14. Provisions Operating Following Termination: Notwithstanding any termination of Dr. Shulmans employment with or without cause, any provision of this Agreement necessary to give it efficacy shall continue in full force and effect following such termination.
15. Notices: Any notice to be given in connection with this Agreement shall be given in writing and may be given by personal delivery, by certified mail, postage prepaid, or by facsimile transmission, so long as receipt of such transmission is available, addressed to the recipient as follows:
To: | D. Geoffrey Shulman, MD, FRCPC | |
256 Russell Hill Road | ||
Toronto, Ontario M4V 2T2 | ||
CANADA | ||
To: | Anthony Schincariol, | |
Vice President of Corporate Development | ||
181 University Avenue | ||
Suite 1208 | ||
Toronto, Ontario M5H-3M7 | ||
CANADA |
or to such other address or individual as may be designated by notice by either party to the other. Any notice given by personal delivery shall be deemed to have been given on the day of actual delivery and, if made or given by certified mail, on the third day, other than a Saturday, Sunday, or a statutory holiday in Toronto, Ontario, CANADA following the deposit thereof with the U.S. Postal Service.

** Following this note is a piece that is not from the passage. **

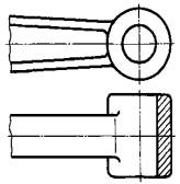 Если уклон или конусность отчетливо не выявляются, например главный вид на рисунке 56 или вид сверху на рисунке 57, то на изображениях проводят только одну линию, соответствующую меньшему размеру элемента с уклоном или меньшему основанию конуса.

16. Governing Law: This Agreement shall be governed by and construed in accordance with the laws of the State of New Jersey, U.S.A.
17. Benefit of Agreement: This Agreement shall enure to the benefit of and be binding upon the heirs, executives, administrators and legal personal representatives of Dr. Shulman and to and upon the successors and assigns of the Corporation, respectively.
18. Entire Agreement: This Agreement constitutes the entire agreement between the parties hereto with respect to the terms and conditions of employment of Dr. Shulman and cancels and supersedes any prior understandings and agreements between the parties to this Agreement. There are no representations, warranties, forms, conditions, undertakings or collateral agreements expressed, implied or statutory between the parties hereto other than as expressly set forth in this Agreement.
19. Severability: Whenever possible, each provision of this Agreement will be interpreted in such manner as to be effective and valid under applicable law, but if any provision of this Agreement is held to be invalid, illegal or unenforceable in any respect under any applicable law or rule in any jurisdiction, such invalidity, illegality or unenforceability will not affect any other provision of any other jurisdiction but this Agreement will be reformed, construed and enforced in such jurisdiction as if such invalid, illegal or unenforceable provision had never been contained herein.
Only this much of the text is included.